Department of Kinesiology, University of Waterloo, Waterloo, Ontario, Canada.
Department of Surgery, University of Maryland, Baltimore, Maryland, USA.
JPEN J Parenter Enteral Nutr. 2018 Jul;42(5):885-891. doi: 10.1002/jpen.1019. Epub 2017 Dec 6.
Computed tomography (CT) scans performed during routine hospital care offer the opportunity to quantify skeletal muscle and predict mortality and morbidity in intensive care unit (ICU) patients. Existing methods of muscle cross-sectional area (CSA) quantification require specialized software, training, and time commitment that may not be feasible in a clinical setting. In this article, we explore a new screening method to identify patients with low muscle mass.
We analyzed 145 scans of elderly ICU patients (≥65 years old) using a combination of measures obtained with a digital ruler, commonly found on hospital radiological software. The psoas and paraspinal muscle groups at the level of the third lumbar vertebra (L3) were evaluated by using 2 linear measures each and compared with an established method of CT image analysis of total muscle CSA in the L3 region.
There was a strong association between linear measures of psoas and paraspinal muscle groups and total L3 muscle CSA (R = 0.745, P < 0.001). Linear measures, age, and sex were included as covariates in a multiple logistic regression to predict those with low muscle mass; receiver operating characteristic (ROC) area under the curve (AUC) of the combined psoas and paraspinal linear index model was 0.920. Intraclass correlation coefficients (ICCs) were used to evaluate intrarater and interrater reliability, resulting in scores of 0.979 (95% CI: 0.940-0.992) and 0.937 (95% CI: 0.828-0.978), respectively.
A digital ruler can reliably predict L3 muscle CSA, and these linear measures may be used to identify critically ill patients with low muscularity who are at risk for worse clinical outcomes.
在常规医院护理中进行的计算机断层扫描 (CT) 检查提供了量化骨骼肌的机会,并可预测重症监护病房 (ICU) 患者的死亡率和发病率。

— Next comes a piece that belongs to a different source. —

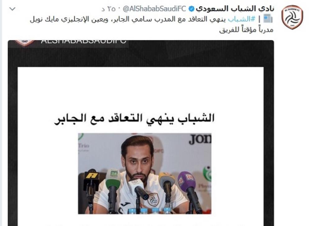 قررت إدارة نادي الشباب إنهاء التعاقد مع المدرب الوطني سامي الجابر من مهمة تدريب الفريق الأول لكرة القدم على أن يتولى المدرب الإنجليزي مايك نويل تدريب الفريق لحين الاتفاق مع مدرب آخر.

现有的肌肉横截面积 (CSA) 量化方法需要专门的软件、培训和时间投入,这在临床环境中可能不可行。在本文中,我们探索了一种新的筛选方法,以识别肌肉量低的患者。
我们使用数字标尺组合的措施对 145 例老年 ICU 患者(≥65 岁)进行分析,这些措施通常在医院放射学软件中找到。使用 2 个线性测量值评估第三腰椎 (L3) 水平的腰大肌和竖脊肌肌群,并与 L3 区域 CT 图像分析总肌肉 CSA 的既定方法进行比较。
腰大肌和竖脊肌肌群的线性测量值与总 L3 肌肉 CSA 之间存在很强的关联(R = 0.745,P <0.001)。线性测量值、年龄和性别被纳入多变量逻辑回归模型,以预测肌肉量低的患者;联合腰大肌和竖脊肌线性指数模型的受试者工作特征 (ROC) 曲线下面积 (AUC) 为 0.920。使用组内相关系数 (ICC) 评估了测量者内和测量者间的可靠性,结果分别为 0.979(95% CI:0.940-0.992)和 0.937(95% CI:0.828-0.978)。
数字标尺可以可靠地预测 L3 肌肉 CSA,这些线性测量值可用于识别肌肉量低的危重症患者,这些患者的临床结局可能更差。